Salman Rafi Sheikh
After swinging its Iran policy from ‘no dictate from the US’ and compliance only with the UN sanctions to completely ditching their purchase of oil from Iran and principally following the US policy of isolating and crippling Iran’s economy, India has now also made a major change in its Afghanistan policy, making a major shift from its previous ‘principled’ position of ‘no talks with the Taliban’ to any political set up for Afghanistan that might help end the war. India has thus completely fallen in line with the US policies vis-à-vis this part of the world i.e. Iran and Afghanistan.
This is a significant development not just because India, despite its geographic limitations, has significant economic presence in Afghanistan, but also because the imperatives of a negotiated political settlement with the Taliban as well as the Talban’s return to politics has received a fresh impetus, making it even less controversial.
In announcing this major departure and scaling down its demand for holding presidential elections before any potential deal with the Taliban, India’s out-going foreign minister said in the recent meeting of SCO that “India stands committed to any process, which can help Afghanistan emerge as a united, peaceful, secure, stable, inclusive and economically vibrant nation, with guaranteed gender and human rights”. What this means is that India does no longer think it viable to impress upon its previous demand of an “Afghan controlled” peace process for the political future of Afghanistan.
However, the question that begs attention is: notwithstanding the importance of what India has said, what really matter is why it has changed its policy now? What mad India shift its stance?
Obviously, one answer would be that India has seen the inevitable i.e. the Taliban’s return to the political power and that it realized that it is about the right time it changed its stance and mend relations with the Taliban, who are inevitably going to be a leading political force in Afghanistan in the post-settlement scenario.
With news of a possible final deal, involving participants from Afghanistan’s all major political groups, including the ruling group, reaching quite rapidly now, India would have practically shot itself in the foot if it had continued to demand presidential elections and an “Afghan controlled” peace process.
Developments within Afghanistan seem to have also helped India change its erstwhile policy. Afghanistan’s Supreme Court recently ruled that president Ghani could stay in power for as long as the next elections were held in September or even beyond the newly set date. What this means in practical terms is that India can now find some satisfaction in the fact that the Ghani-led pro-India political elite will nevertheless have presence in the dialogue process and that they might be able to influence the final outcome in ways that might give advantage in an otherwise strategically disadvantaged territory where the pro-Pakistan Taliban are likely to dominate the political landscape.
But the fact that the deal is already in the pipeline and top US officials, including Mike Pompeo, have already taken Kabul officials in confidence that next round of ‘intra-Afghan’ talks to be held in Doha will be a successful one means that India was left with no option but to change its previous stance.
It was necessary in the wake of virtual isolation that India had been experiencing ever since the beginning of talks with the Taliban.
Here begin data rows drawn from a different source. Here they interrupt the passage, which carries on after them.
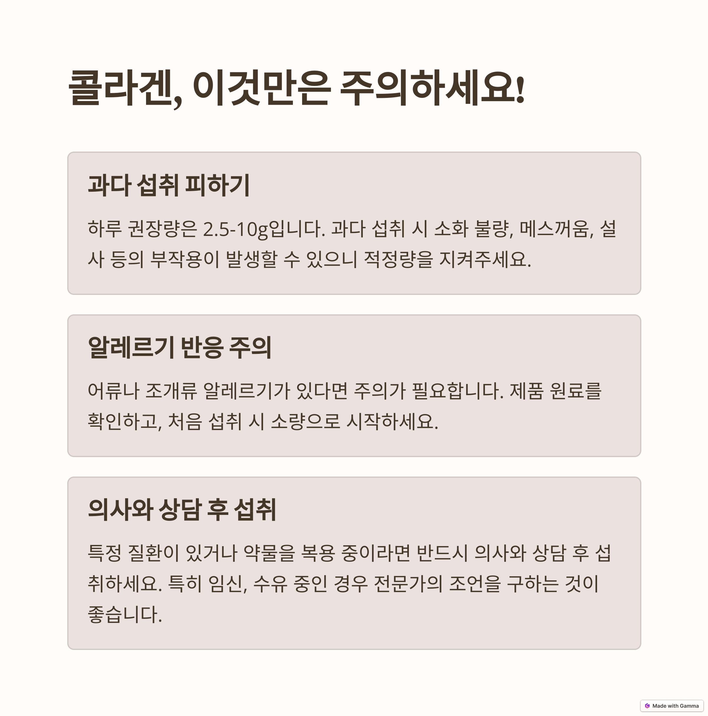 • 과다 섭취 주의: 하루 권장 섭취량을 초과하지 않도록 합니다. 과다 섭취 시 위장 장애나 소화 불량 등의 문제가 발생할 수 있습니다.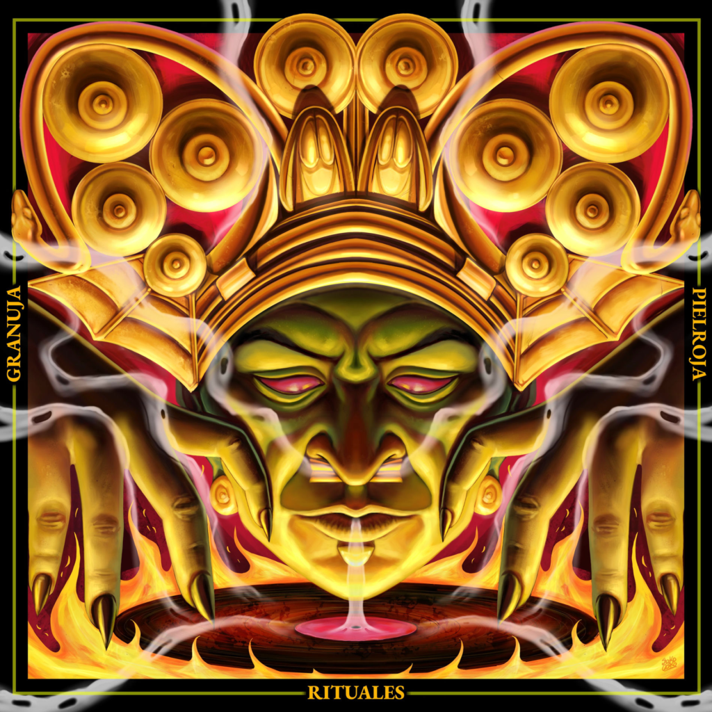 Las connotaciones que Granuja le ha dado a su estilo a lo largo de los años giran en torno a lo nocturno, lo visceral y lo urbano. Las aproximaciones a la espiritualidad no son para nada esperables de su parte, un hombre adulto que no profesa ningún credo y que tiene como uno de sus hits una canción titulada ‘Ateo’. Sin embargo, con “Rituales” nos brinda un abanico de misticismo, en el que lo surreal se entremezcla con los códigos raperos y callejeros más sombríos. Junto a Piel Roja se sumergen en los saberes populares y barriales para contracturar al género y desplazarlo a un imaginario que se sostiene de ánimas, maldiciones, brujería y los terrores propios del centro de tu ciudad a las 3AM. No en vano la portada ilustra la transformación de un chamán tayrona en murciélago.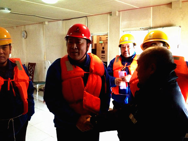 春节前,六国化工公司供应二公司采购的复合肥原料氯化钾、氯化铵等集中到货。由于春节假期码头工人放假等原因,部分外来水运原材料船只滞卸,船上工作人员在铜陵过春节。2月8日上午,六国公司党委书记、总经理方劲松和供应系统负责人,乘坐快艇奔赴各滞港船只,上船慰问并送去红包,感谢供应客户、运输单位对公司的支持。各滞港船只工作人员感到意外、激动,对船只滞港表示理解。
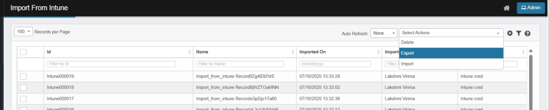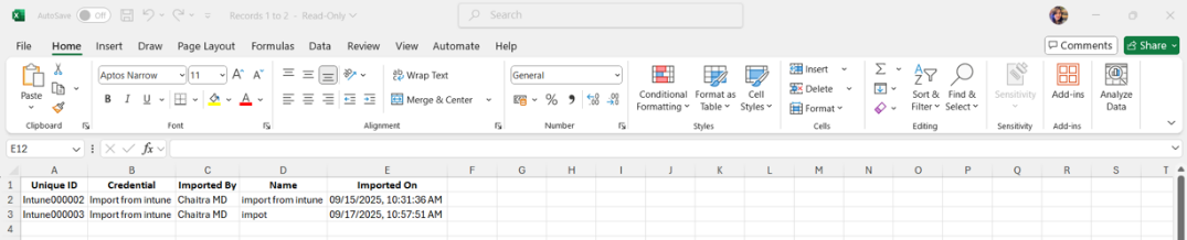 Exports data for the selected imported Intune record as an Excel spreadsheet and sends an email notification when the spreadsheet is ready for download.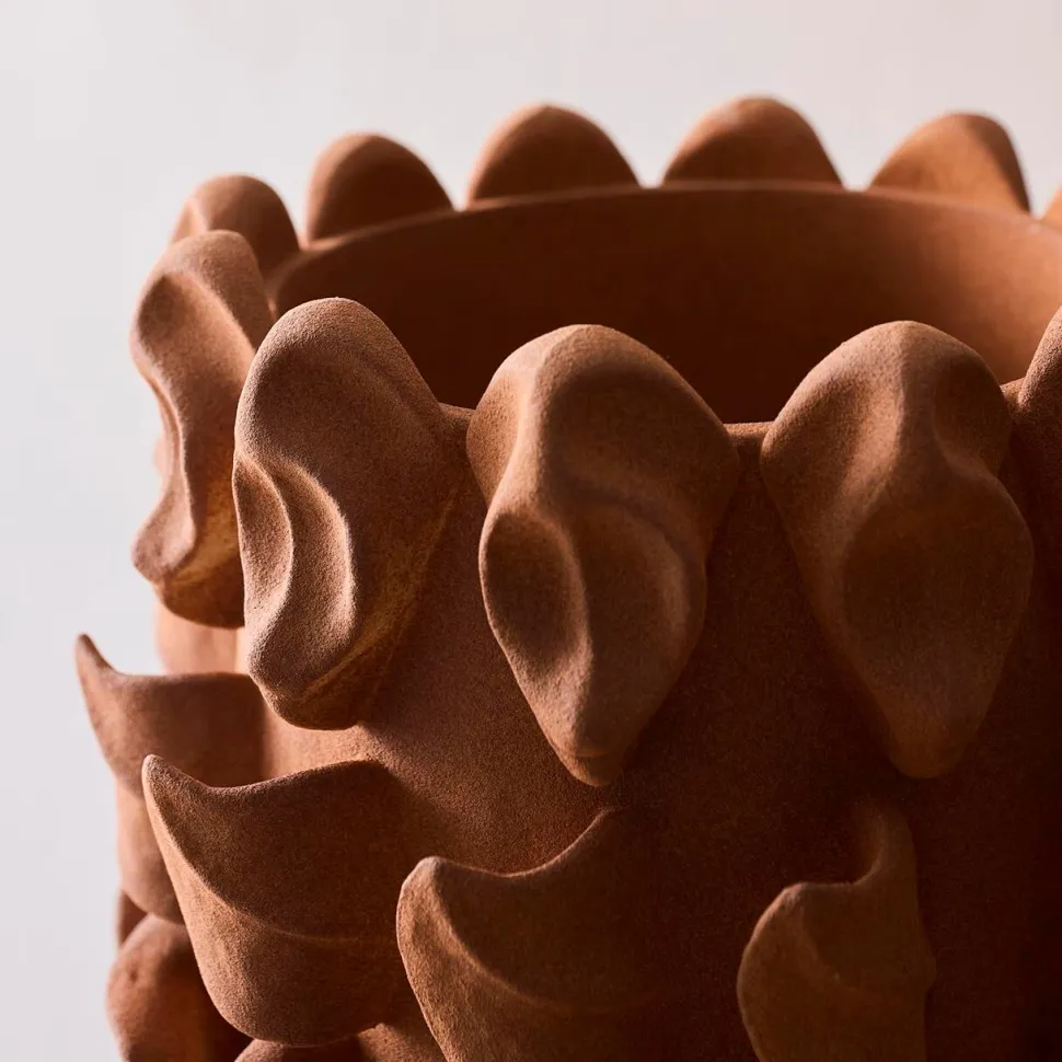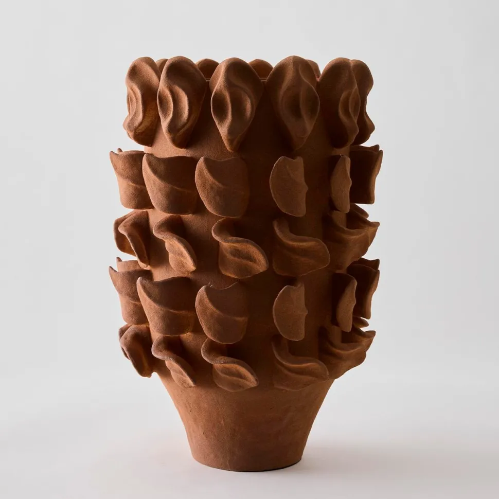 Skulpturelt kunsthåndværk i porcelænsler, der forener tradition og tidløs elegance. Vasen støbes først i en form, hvorefter hver eneste detalje påføres omhyggeligt i hånden, hvilket skaber en unik karakter i hver eneste kurve. Den matte glasur fremhæver den organiske form og tilføjer et diskret, sofistikeret udtryk.

As a matter of fact, all major states, except India, involved in Afghanistan—the US, Pakistan, China, Russia—have somehow successfully and directly engaged with the Taliban in the past and they continue to engage in order to reach a settlement that might satisfy all the concerned parties, including Afghanistan. India had been a left-out party until now and was not a part of the peace-consensus that has developed not only among external actors—the US, Russia, China and Pakistan—but also among Afghanistan’s internal players.
An internal and external consensus is certainly now available that says that peace is the number one priority and the presidential election can take place later. Hamid Karzai, Afghanistan’s former president, told in an interview to the Turkish media given during his recent tour of Moscow that “First peace. The priority for us now is peace in Afghanistan. Once we have peace and stability then we can conduct our elections more properly.”
Doubtlessly, India’s policy had, from the beginning, been, as we pointed in a number of previous stories written for SAM, the exact opposite of what Karzai and a number of other political figures seem to prioritize for Afghanistan.
In this context, therefore, India’s ‘awakening’ to the real ground realities of Afghanistan and seeing which way the wind is blowing is not a result of some realism prevailing in New Delhi; it is more or less a result of India’s attempt to avoid isolation and exclusion from the Afghan saga that is finally coming to an end through negotiations.